One of the more welcome signs of spring arrived last week: Penn State’s week-long Spring Break. Deborah and I headed 1600 miles west and south to sunny, but not yet quite warm Albuquerque, New Mexico to visit our daughter and to do some hiking in the high deserts.(photo by D. Sillman).

Our first morning was cool and gloriously sunny. We walked east from our daughter’s apartment toward the campus of the University of New Mexico. Our nature observations began immediately upon stepping out the front door: in the London Planetree across the street were my first two robins of spring! They chirped and called to each other for several minutes and flew off to grace some other street corner and some other observer.

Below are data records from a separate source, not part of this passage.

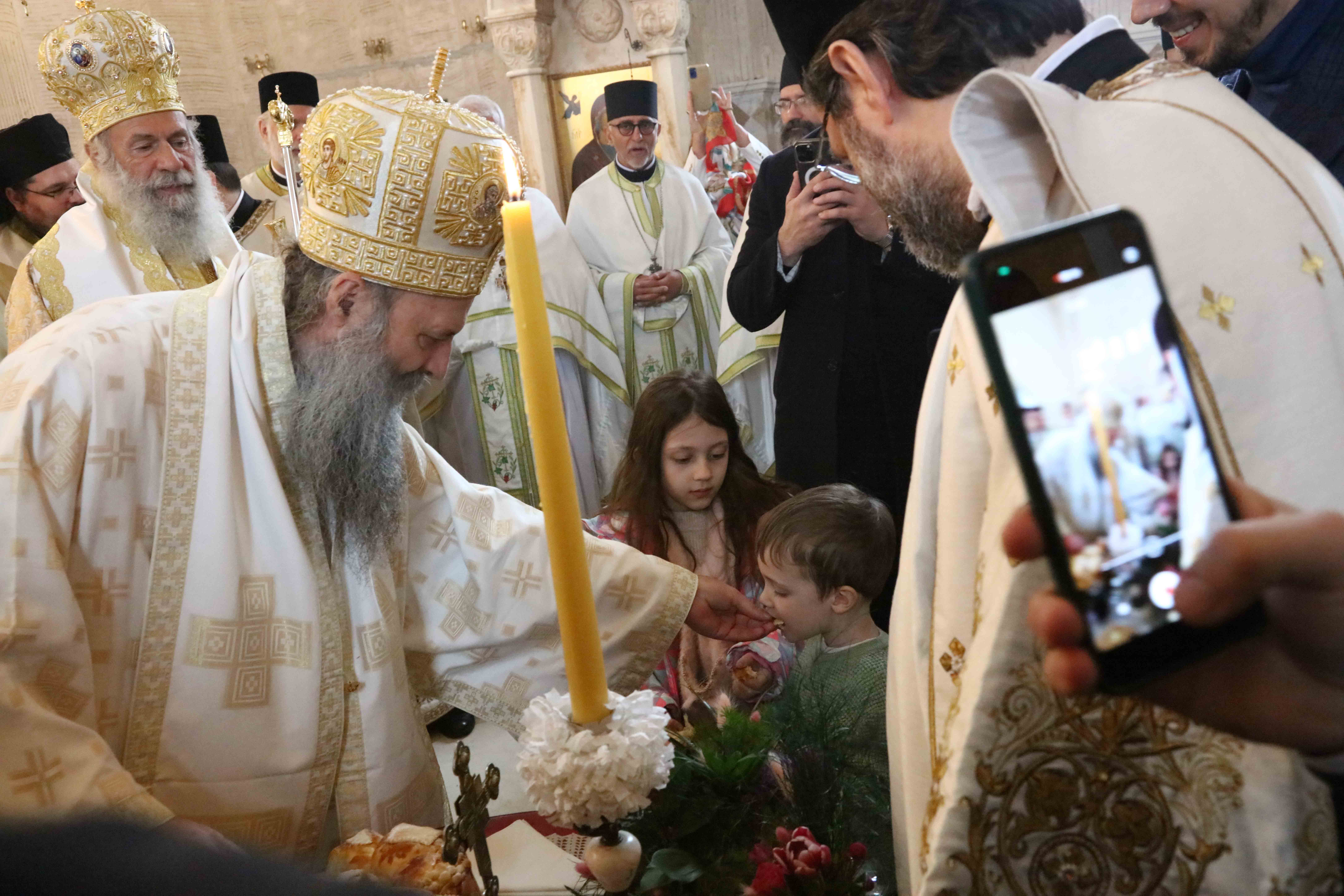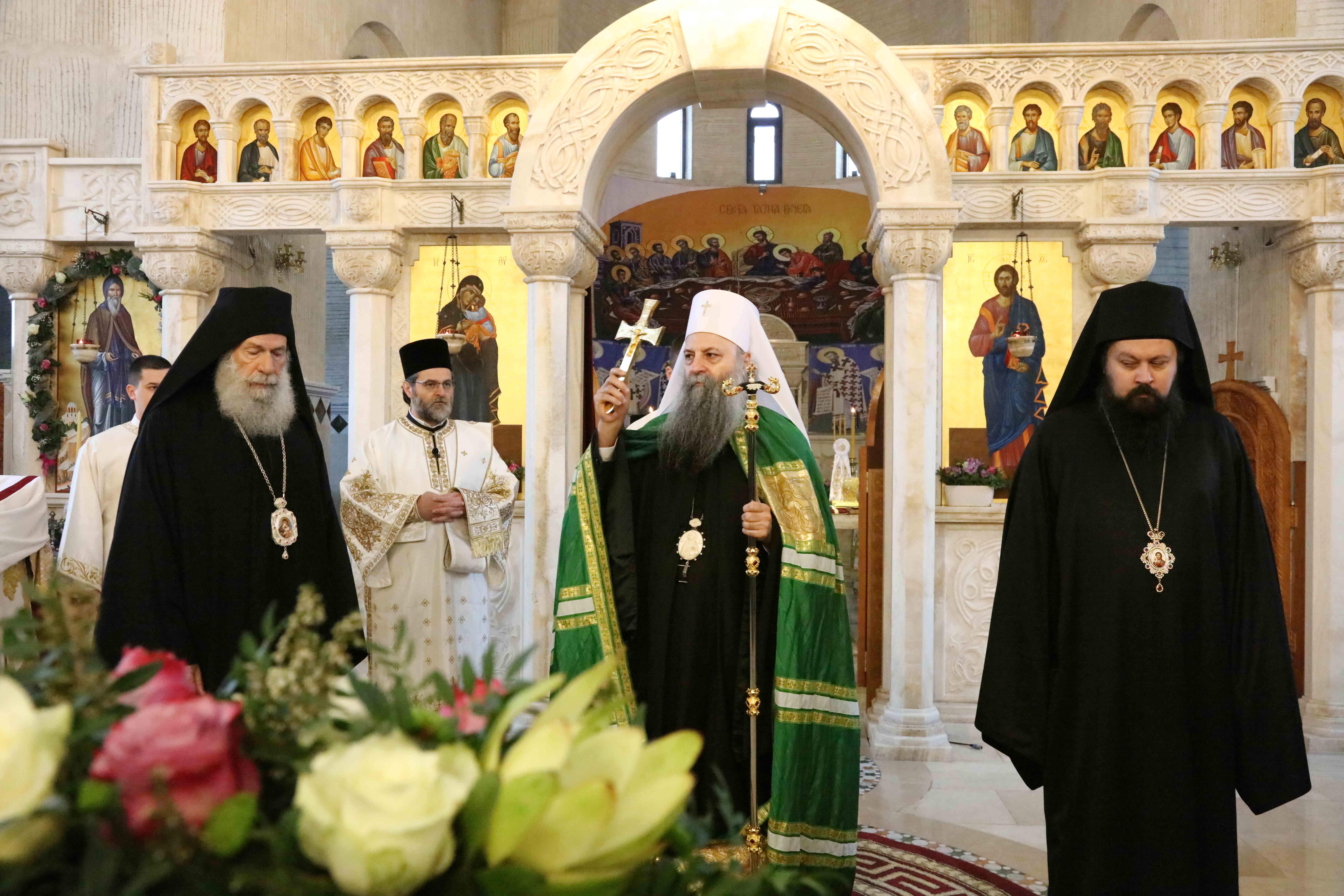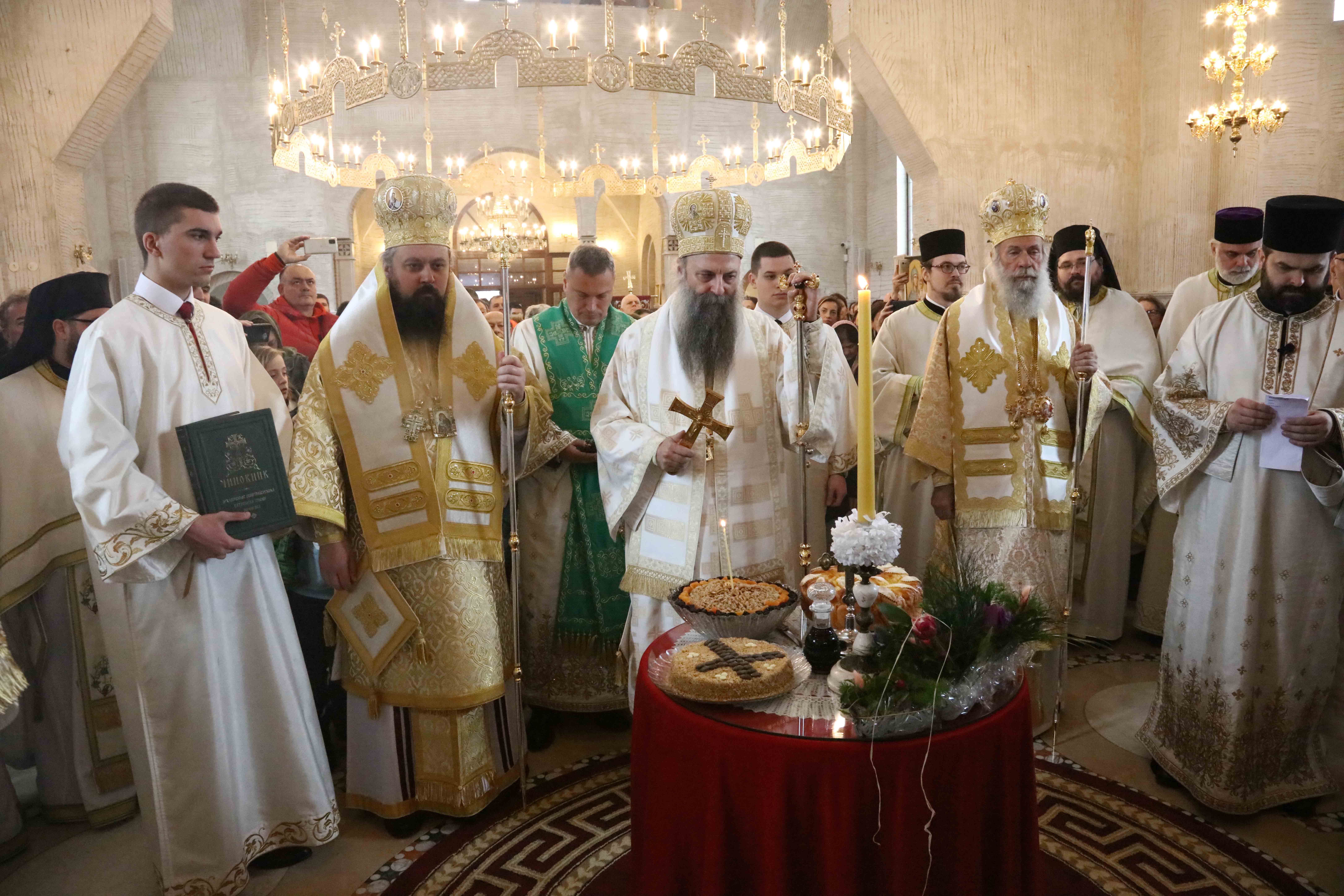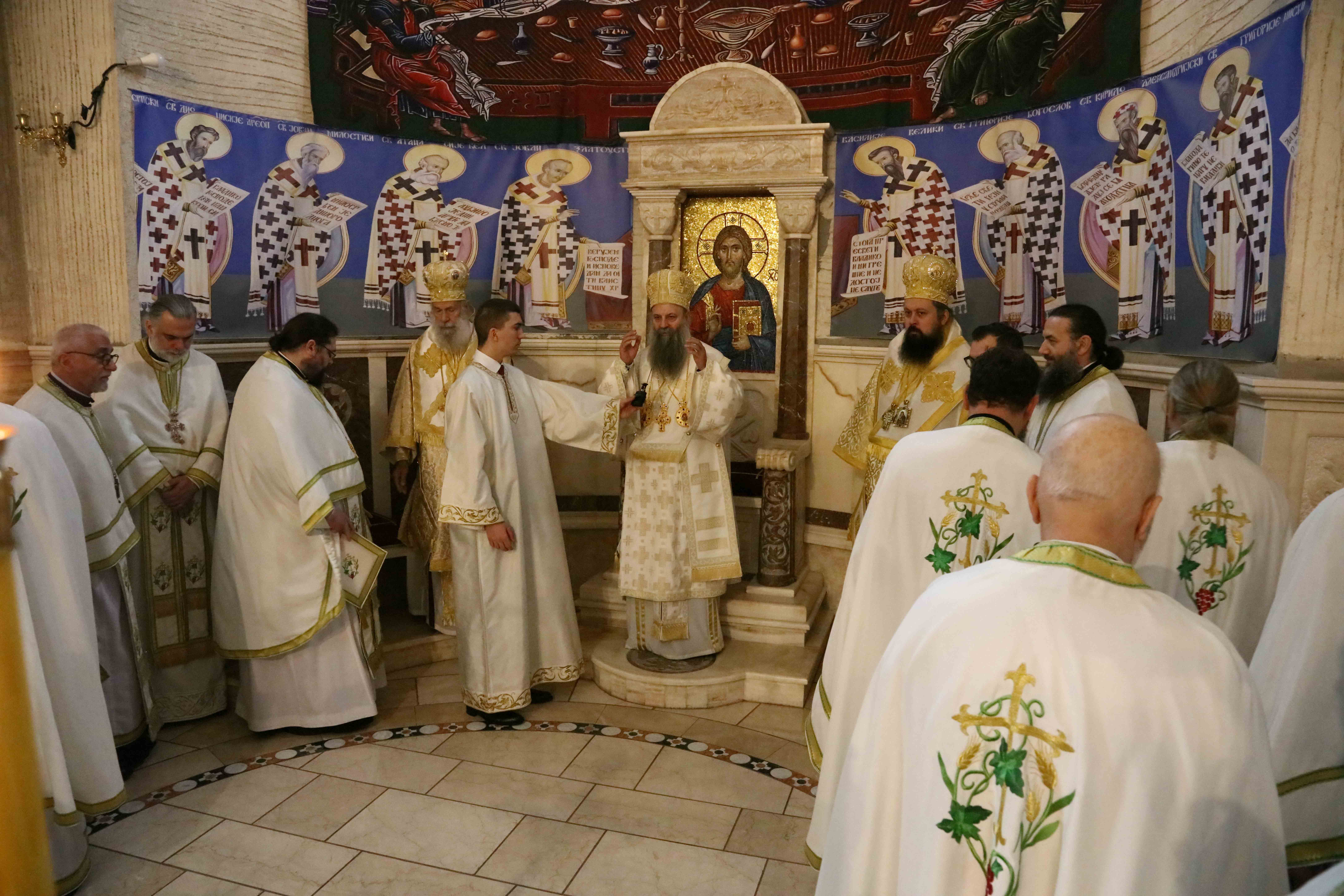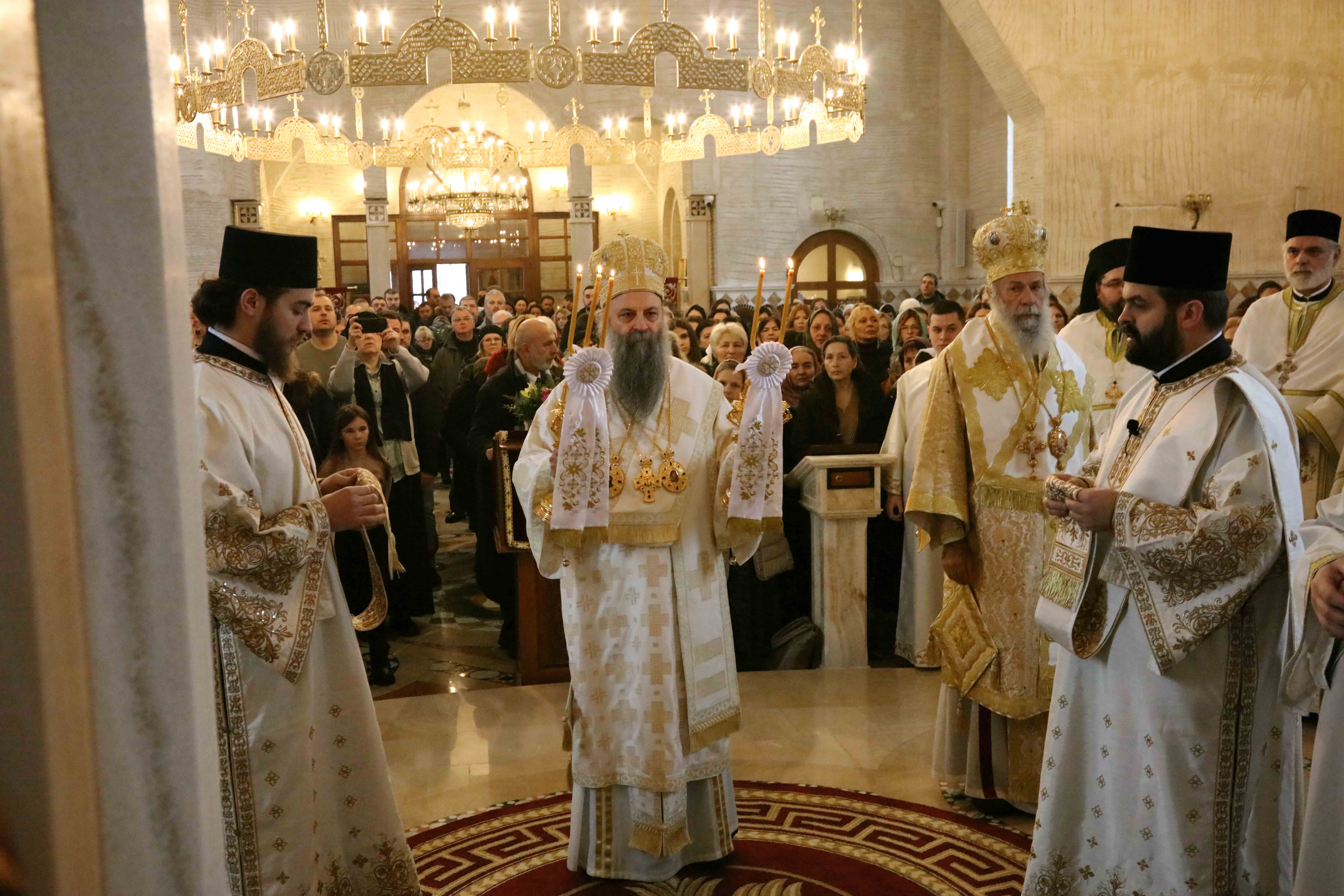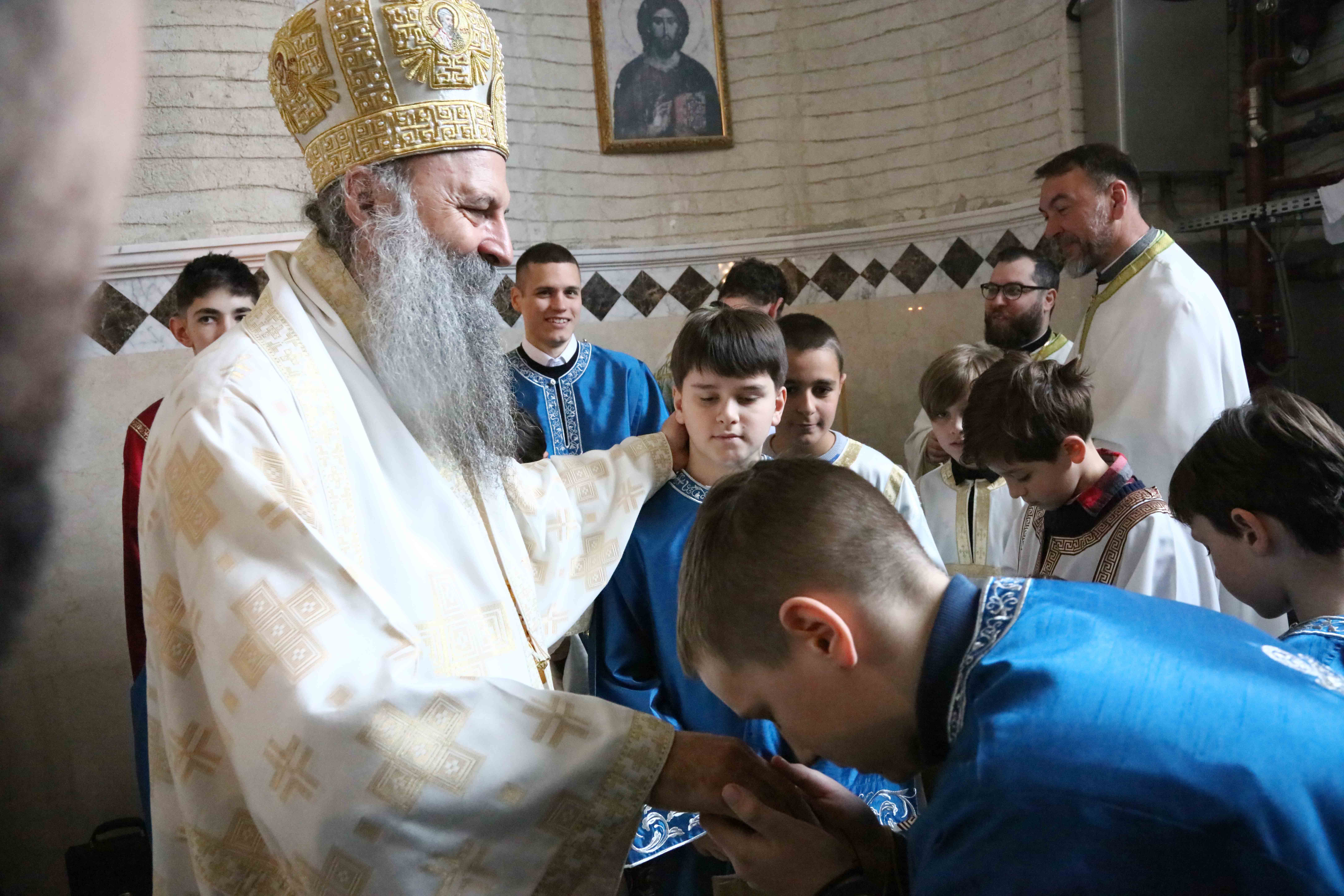 Саслуживали су преосвећена господа епископи марчански Сава и хвостански Алексеј, главни секретар Светог Архијерејског Синода архимандрит Нектарије, директор Патријаршијске управне канцеларије архимандрит Данило, архимандрит Василије (Костић), архимандрит Прокопије из Антиохијске Патријаршије и многобројно свештенство и ђаконство у молитвеном присуству верног народа. Патријарх Порфирије је беседио на тему прочитаног јеванђељског зачала:
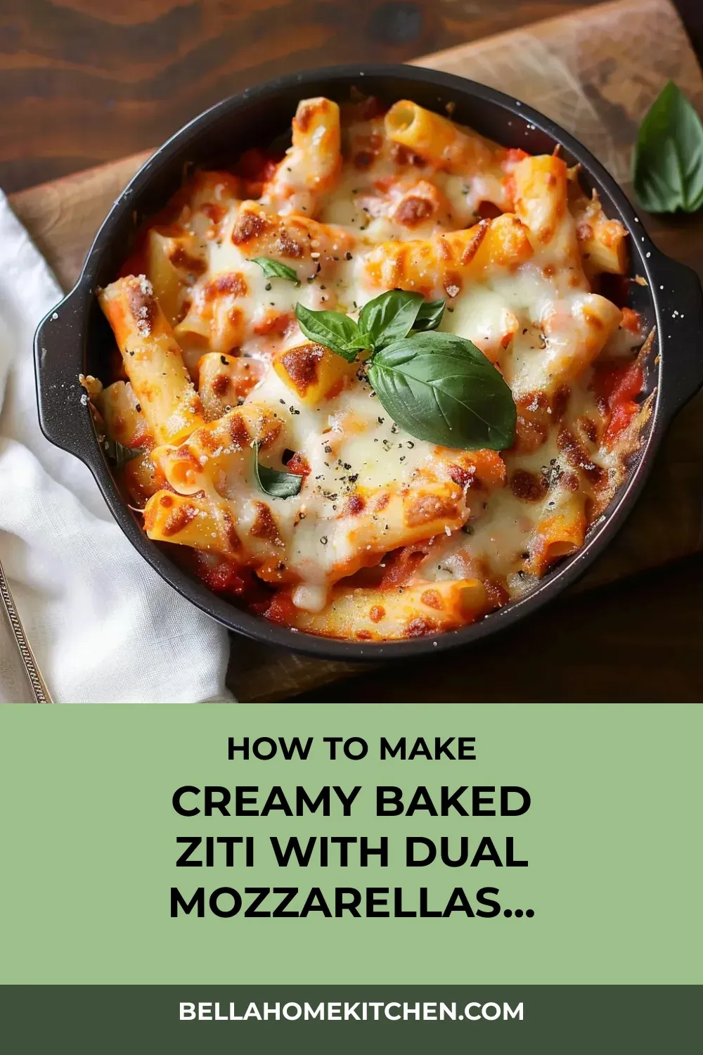 Creamy Baked Ziti with Dual Mozzarellas and Parmesan Sauce
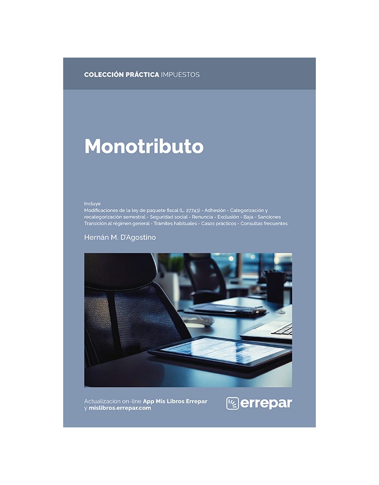 Esta nueva obra incluye también las modificaciones introducidas por la ley de medidas fiscales paliativas y relevantes (ley 27743), así como información de interés sobre el procedimiento permanente de transición al régimen general y sus beneficios, para aquellos monotributistas que efectúen la renuncia o resulten excluidos del RS.
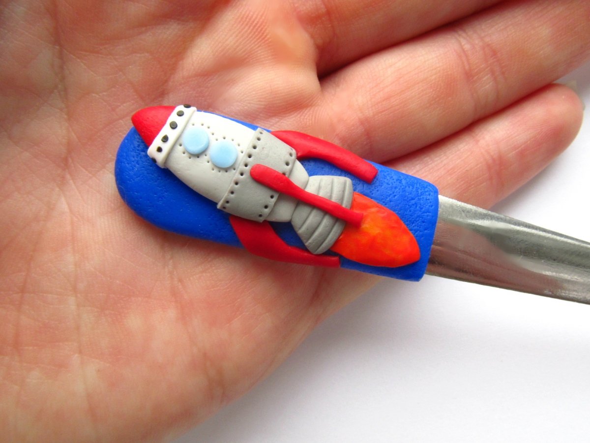 Ručně dělaná FIMO lžička s raketou pro kluky.
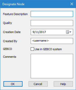 If the attributes option is enabled, the Designate Node dialog box is displayed and you must continue with the next step. If the attributes option is not enabled, the sounding is flagged as designated.

We walked several blocks past the typical Albuquerque houses: low, adobe-style homes painted in varying shades of tan. Many of the houses had small, front “lawn” squares that were mostly bare soil or carefully raked gravel. Some of the yards had honey locust or London Planetree growing in them. There were a few with some unknown (to me) thorny shrubs, too. There was very little grass, and what was there was dry and winter-brown and well covered by dry, brown tree and shrub leaves.

This all changed when we got to the campus. Apparently, the University of New Mexico has its own aquifer and, so, is not bound by the logical water restrictions that the rest of Albuquerque has to adhere to. Stepping into the campus grounds was like walking into a different climate zone. There was no bare soil or gravel or stones. Instead there was a continuous carpet of winter-brown grass and dozens and dozens of trees some of which should not have been growing within a thousand miles of here!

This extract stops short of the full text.